### RECORDS TO USE
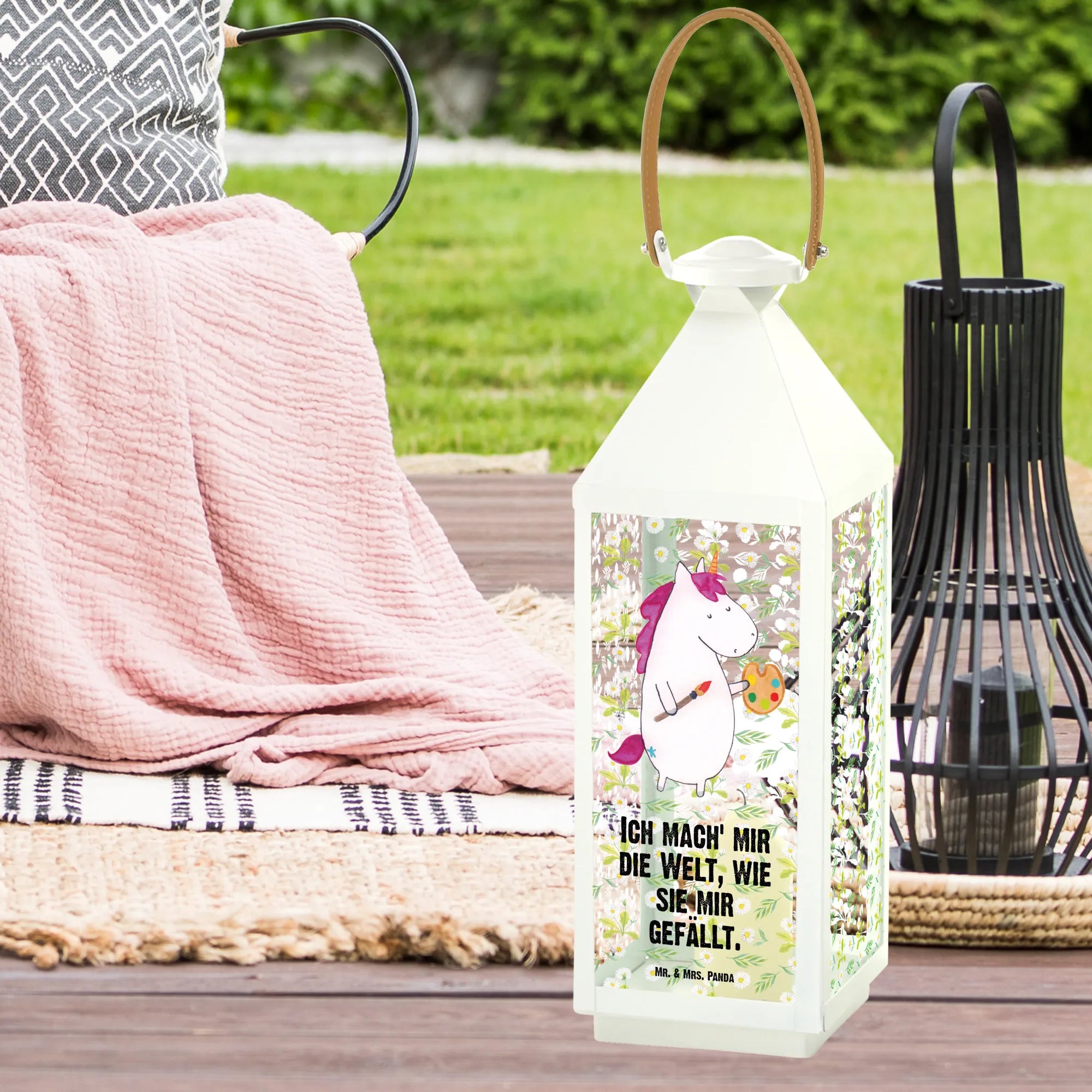 Designed with love in Hanover, Germany, this unique lantern features a darling motif of a unicorn painting at an easel, surrounded by a plethora of colors, bringing an enchanting charm to your garden or balcony.
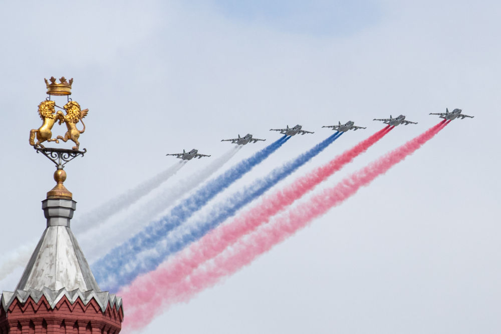2024年5月9日,在俄罗斯莫斯科举行的纪念卫国战争胜利79周年阅兵式上,苏-25攻击机编队飞过红场上空。新华社记者 白雪骐 摄
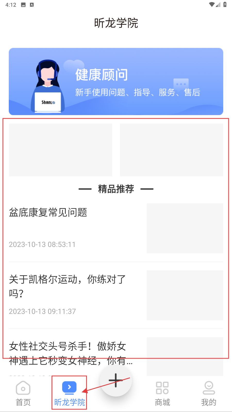 3、进入【昕龙学院】板块,点击查看精品推荐内容(盆底康复问题、凯格尔运动等),进行健康知识学习。
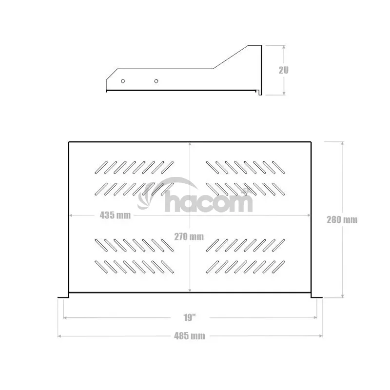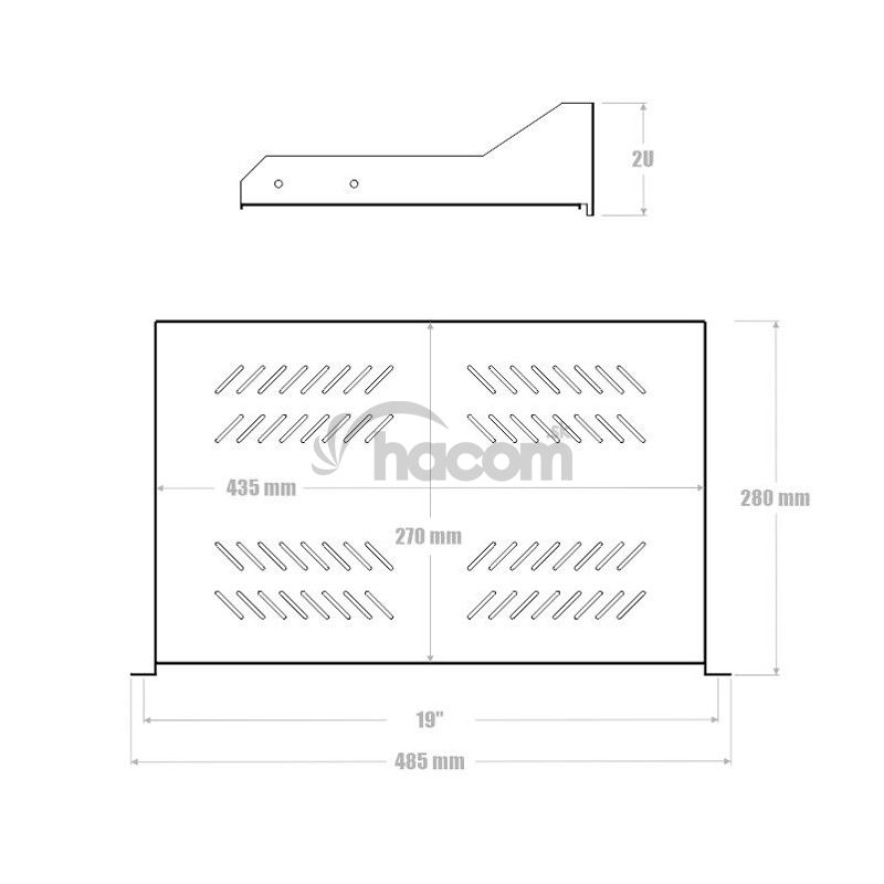- 19" nízkoprofilová polica 280 mm s uchytením 2U je vhodná pre umiestnenie do 19 "dátového rozvádzača s hĺbkou 400 mm a hlbšie.
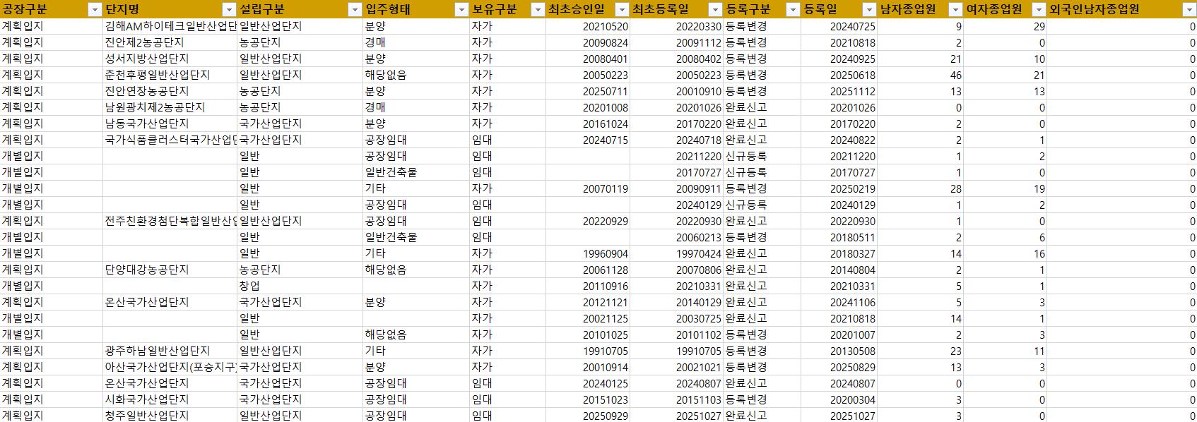 - 설립구분, 입주형태, 보유구분, 최초승인일, 최초등록일, 등록구분, 등록일, 남자종업원, 여자종업원, 외국인남자종업원, 외국인여자종업원, 종업원합계, 공장규모
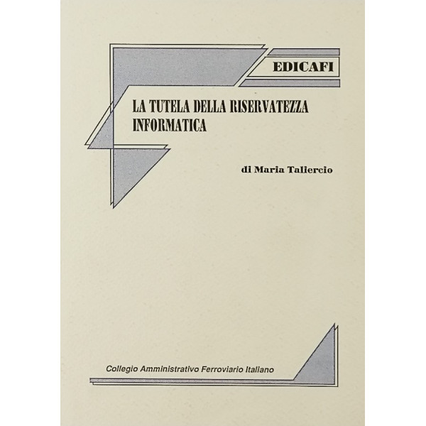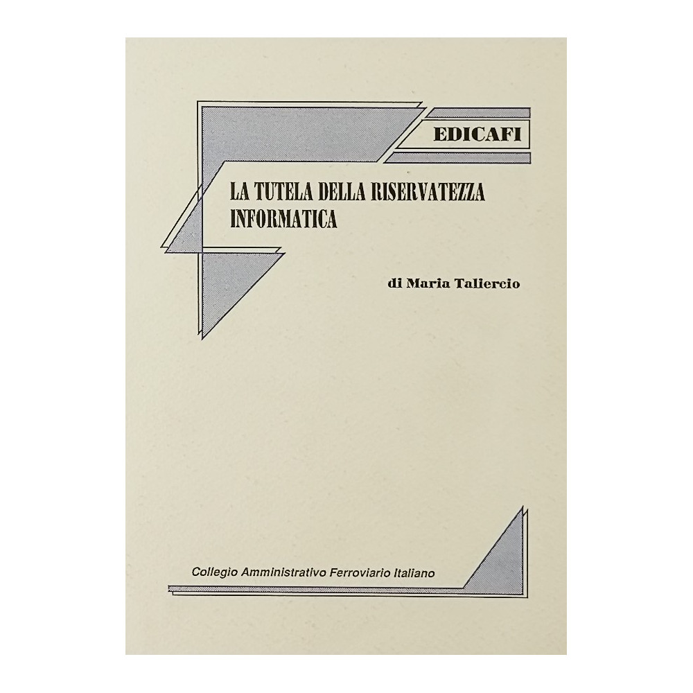 Maria Taliercio La tutela della riservatezza Collegio Amministrativo Ferroviario Italiano informatica Edicafi 1990 Supplemento al n 12 di Ferrovia e Trasporti Copertina morbida in cartoncino illustrata pagine 214 Buone condizioni leggeri segni di usura

### ACTIVITY
Reproduce the material word for word. Any pictures should be left out of the copy.

### EXERCISE OUTPUT
 Designed with love in Hanover, Germany, this unique lantern features a darling motif of a unicorn painting at an easel, surrounded by a plethora of colors, bringing an enchanting charm to your garden or balcony.
2024年5月9日,在俄罗斯莫斯科举行的纪念卫国战争胜利79周年阅兵式上,苏-25攻击机编队飞过红场上空。新华社记者 白雪骐 摄
 3、进入【昕龙学院】板块,点击查看精品推荐内容(盆底康复问题、凯格尔运动等),进行健康知识学习。
- 19" nízkoprofilová polica 280 mm s uchytením 2U je vhodná pre umiestnenie do 19 "dátového rozvádzača s hĺbkou 400 mm a hlbšie.
 - 설립구분, 입주형태, 보유구분, 최초승인일, 최초등록일, 등록구분, 등록일, 남자종업원, 여자종업원, 외국인남자종업원, 외국인여자종업원, 종업원합계, 공장규모
 Maria Taliercio La tutela della riservatezza Collegio Amministrativo Ferroviario Italiano informatica Edicafi 1990 Supplemento al n 12 di Ferrovia e Trasporti Copertina morbida in cartoncino illustrata pagine 214 Buone condizioni leggeri segni di usura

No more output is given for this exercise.